→ **EXERCISE PROMPT**
All lines below starting at the one that holds "假设我们的词汇只有五个词:King, Queen, Man, Woman, 和" and ending at the one that holds "The Urban Habitat" should be printed exactly, ends included. Pictures should not be printed, nor anything else.

(Beginning of GIVEN DATA)

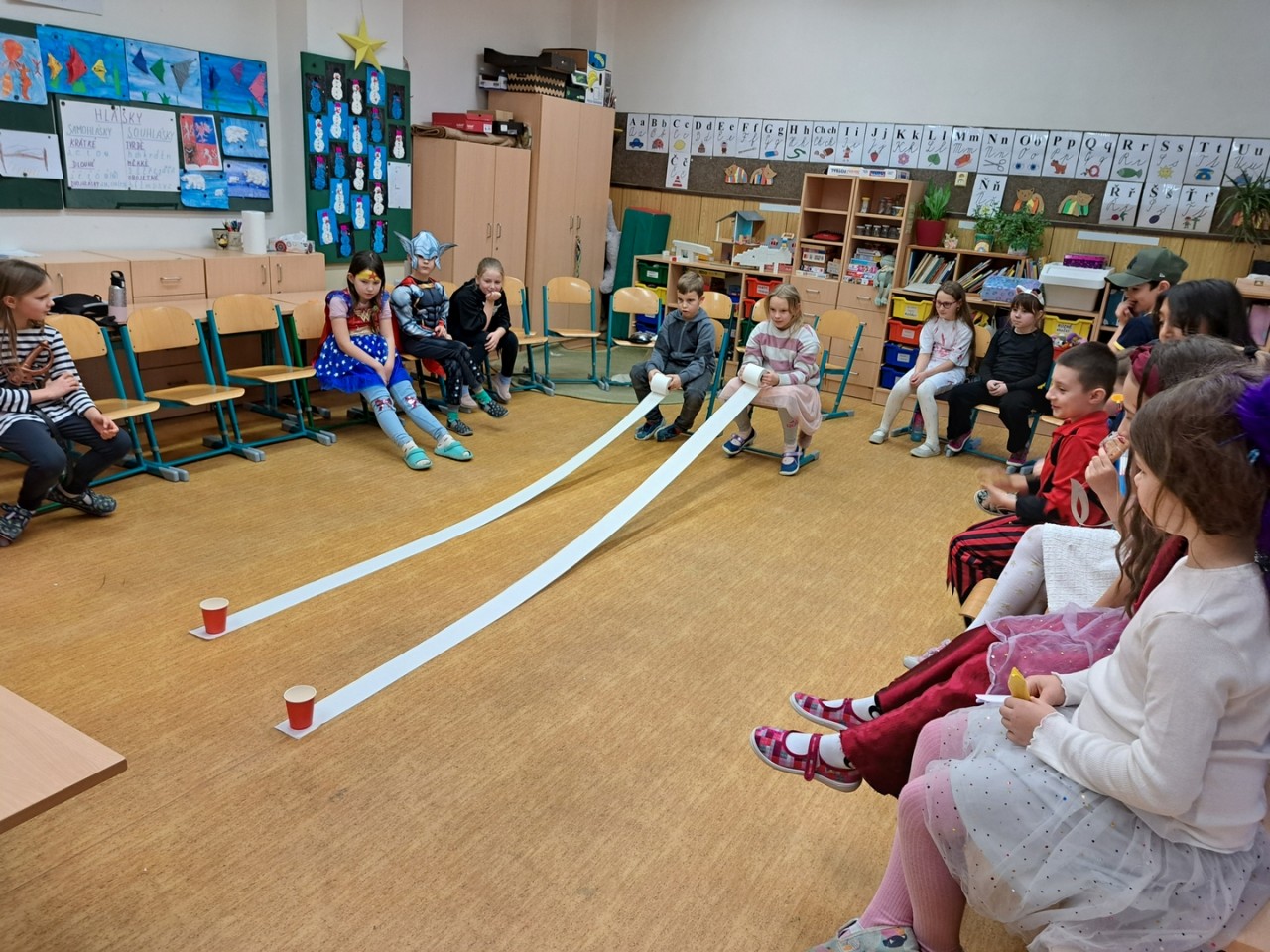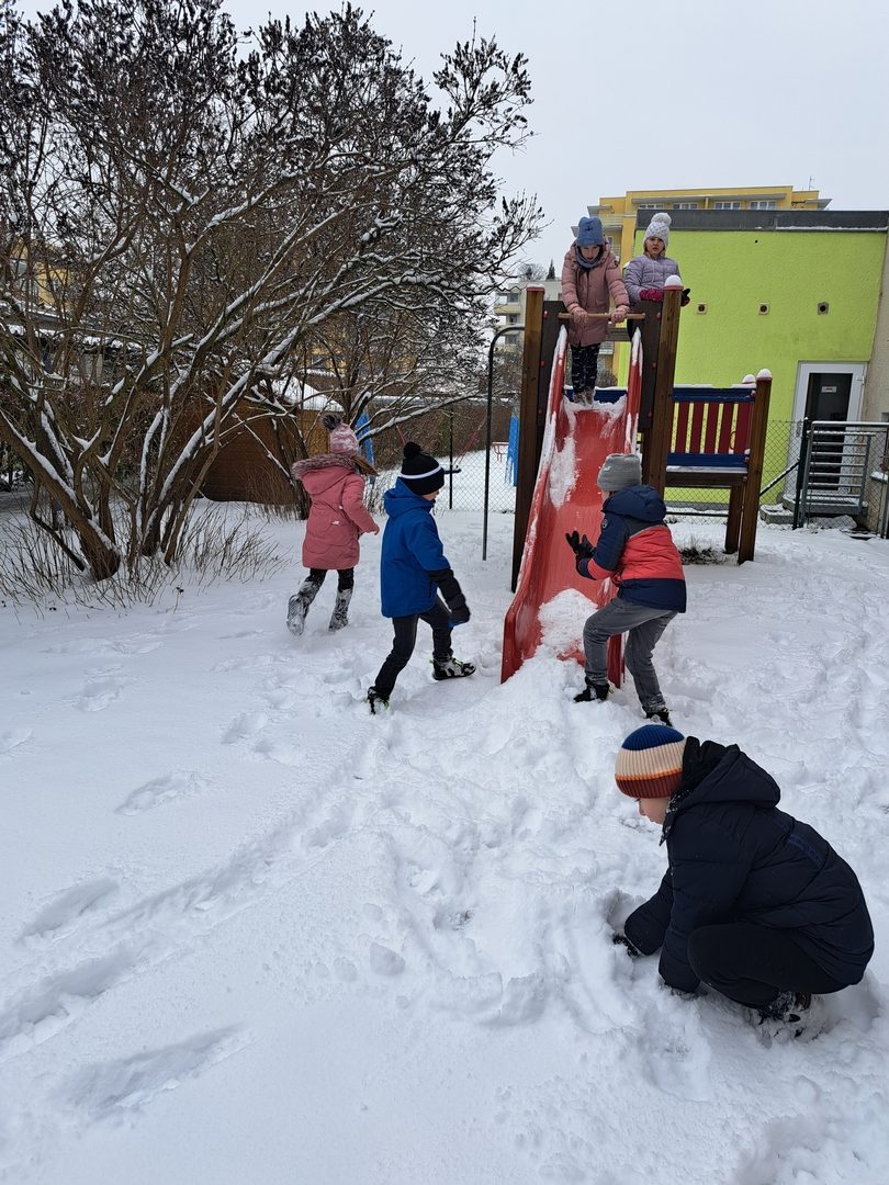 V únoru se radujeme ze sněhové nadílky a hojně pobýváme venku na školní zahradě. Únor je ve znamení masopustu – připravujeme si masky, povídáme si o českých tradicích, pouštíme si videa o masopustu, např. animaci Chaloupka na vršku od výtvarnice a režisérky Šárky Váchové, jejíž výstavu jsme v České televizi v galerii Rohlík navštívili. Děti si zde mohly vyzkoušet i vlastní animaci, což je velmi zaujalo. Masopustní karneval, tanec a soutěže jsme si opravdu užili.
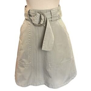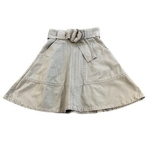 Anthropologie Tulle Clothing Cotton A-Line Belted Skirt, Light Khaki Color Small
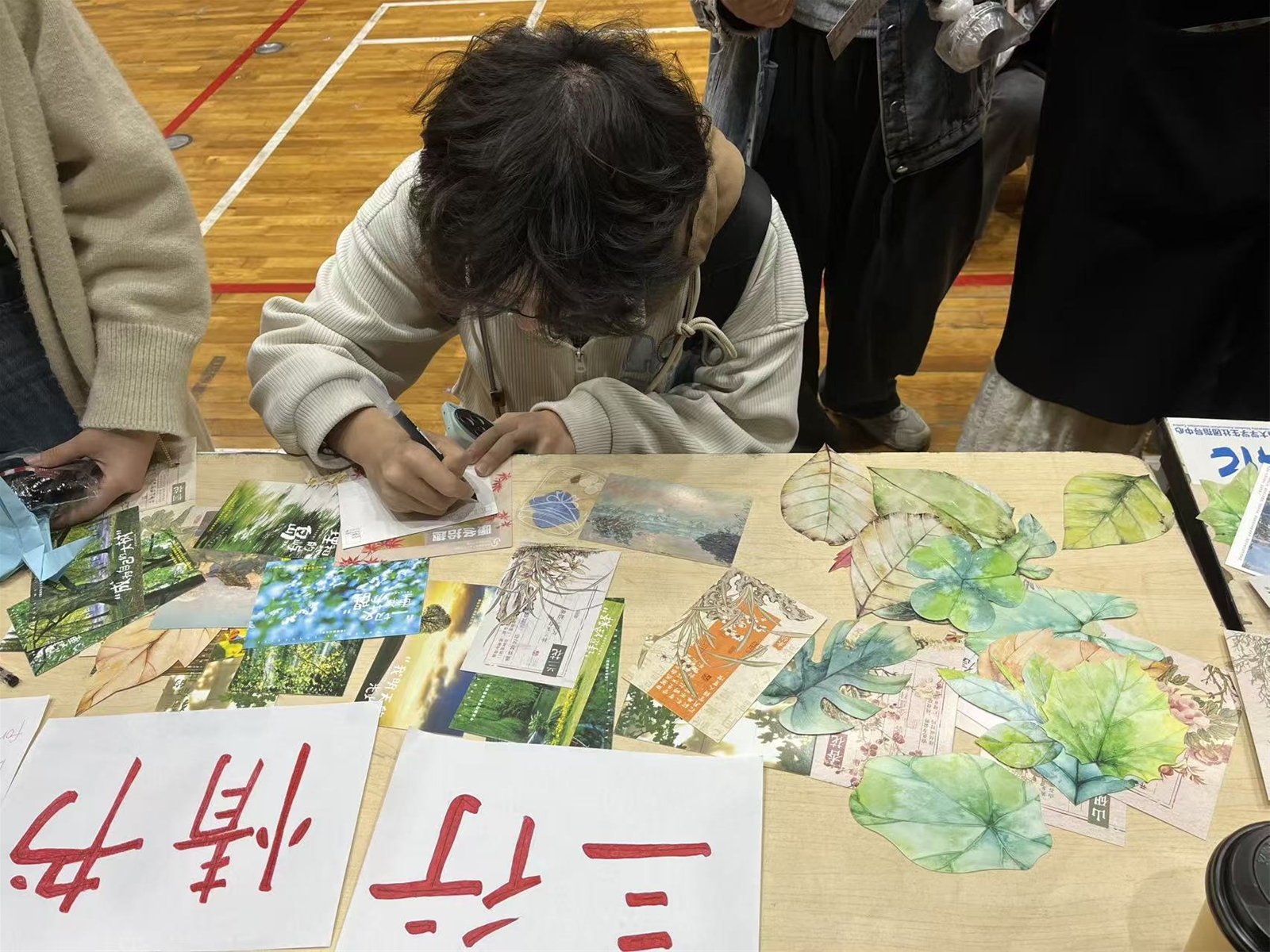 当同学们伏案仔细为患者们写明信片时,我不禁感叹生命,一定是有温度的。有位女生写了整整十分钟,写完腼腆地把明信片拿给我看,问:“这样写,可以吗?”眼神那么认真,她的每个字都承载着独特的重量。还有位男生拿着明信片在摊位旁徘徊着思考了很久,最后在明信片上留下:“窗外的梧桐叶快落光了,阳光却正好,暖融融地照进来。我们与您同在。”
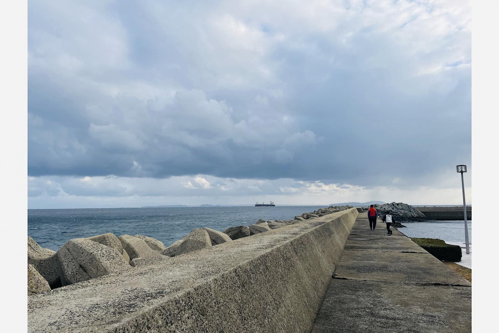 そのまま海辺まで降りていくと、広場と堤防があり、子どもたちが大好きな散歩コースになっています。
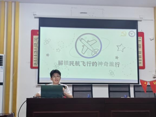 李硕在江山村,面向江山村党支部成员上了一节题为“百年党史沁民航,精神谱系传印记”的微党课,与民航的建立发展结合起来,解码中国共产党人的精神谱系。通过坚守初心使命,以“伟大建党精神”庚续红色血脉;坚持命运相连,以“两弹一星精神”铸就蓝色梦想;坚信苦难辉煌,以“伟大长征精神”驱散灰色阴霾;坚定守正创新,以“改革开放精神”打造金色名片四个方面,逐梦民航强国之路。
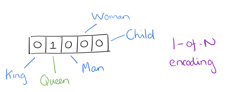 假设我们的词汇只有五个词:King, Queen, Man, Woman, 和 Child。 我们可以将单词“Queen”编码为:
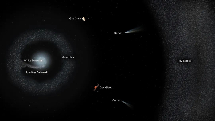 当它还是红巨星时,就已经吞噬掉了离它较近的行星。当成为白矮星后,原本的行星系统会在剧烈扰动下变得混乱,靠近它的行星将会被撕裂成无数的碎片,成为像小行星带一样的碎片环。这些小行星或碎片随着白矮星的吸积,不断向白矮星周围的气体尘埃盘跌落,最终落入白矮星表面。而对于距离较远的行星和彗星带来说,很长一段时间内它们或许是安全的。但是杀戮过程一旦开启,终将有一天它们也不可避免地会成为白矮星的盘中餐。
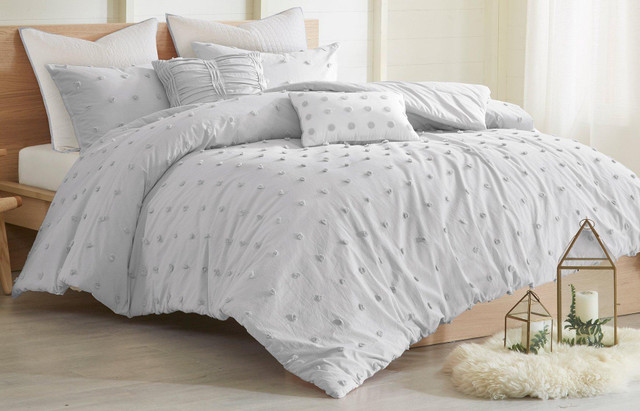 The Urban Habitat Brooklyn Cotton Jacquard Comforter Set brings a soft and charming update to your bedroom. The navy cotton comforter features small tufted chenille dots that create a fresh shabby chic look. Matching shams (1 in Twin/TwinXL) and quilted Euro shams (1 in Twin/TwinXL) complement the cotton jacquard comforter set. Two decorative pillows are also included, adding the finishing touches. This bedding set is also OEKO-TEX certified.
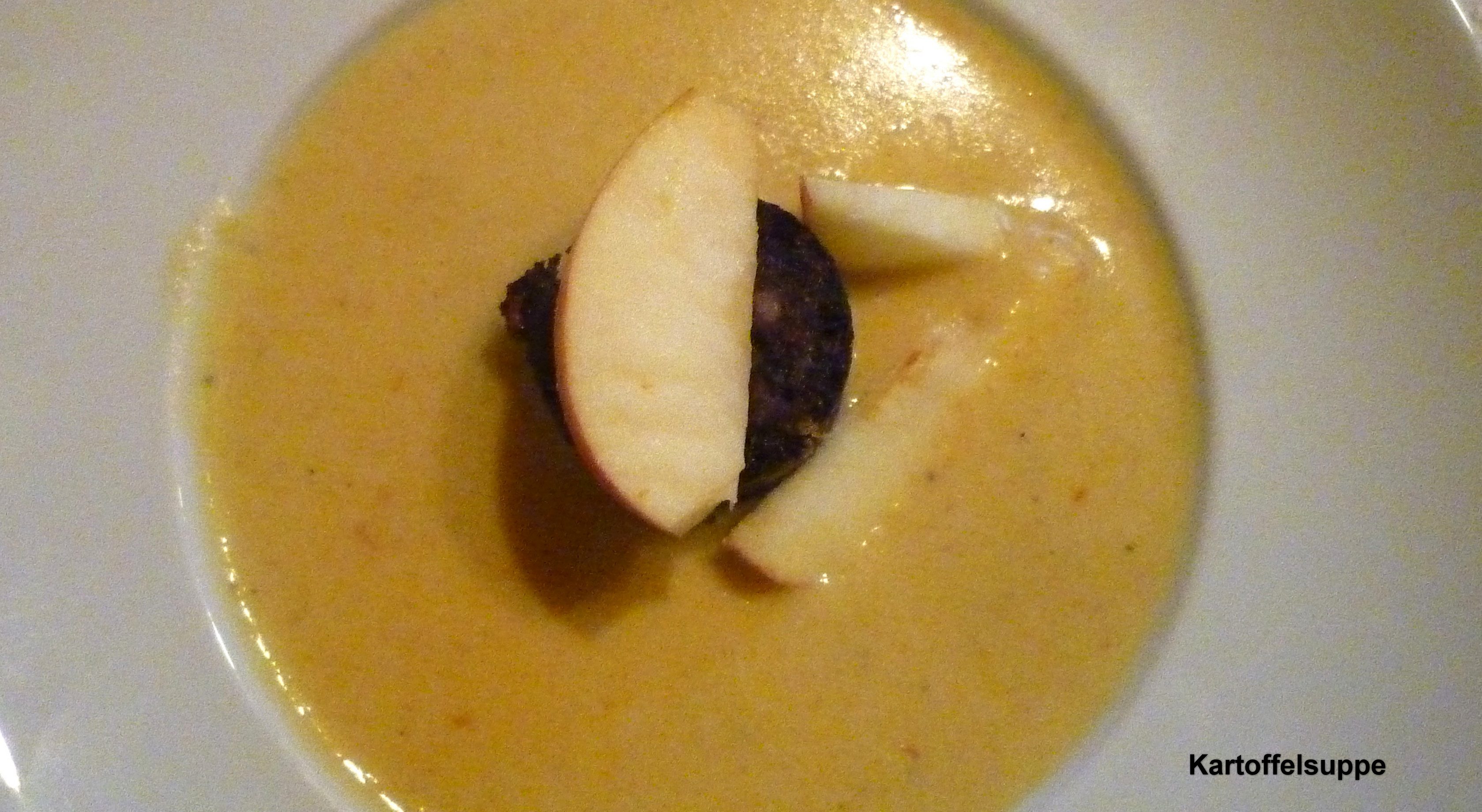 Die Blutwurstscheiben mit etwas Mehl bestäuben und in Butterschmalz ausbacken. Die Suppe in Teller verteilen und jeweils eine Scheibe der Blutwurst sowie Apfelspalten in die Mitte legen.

(End of GIVEN DATA)

→ **RESPONSE TO THE EXERCISE**
 假设我们的词汇只有五个词:King, Queen, Man, Woman, 和 Child。 我们可以将单词“Queen”编码为:
 当它还是红巨星时,就已经吞噬掉了离它较近的行星。当成为白矮星后,原本的行星系统会在剧烈扰动下变得混乱,靠近它的行星将会被撕裂成无数的碎片,成为像小行星带一样的碎片环。这些小行星或碎片随着白矮星的吸积,不断向白矮星周围的气体尘埃盘跌落,最终落入白矮星表面。而对于距离较远的行星和彗星带来说,很长一段时间内它们或许是安全的。但是杀戮过程一旦开启,终将有一天它们也不可避免地会成为白矮星的盘中餐。
 The Urban Habitat Brooklyn Cotton Jacquard Comforter Set brings a soft and charming update to your bedroom. The navy cotton comforter features small tufted chenille dots that create a fresh shabby chic look. Matching shams (1 in Twin/TwinXL) and quilted Euro shams (1 in Twin/TwinXL) complement the cotton jacquard comforter set. Two decorative pillows are also included, adding the finishing touches. This bedding set is also OEKO-TEX certified.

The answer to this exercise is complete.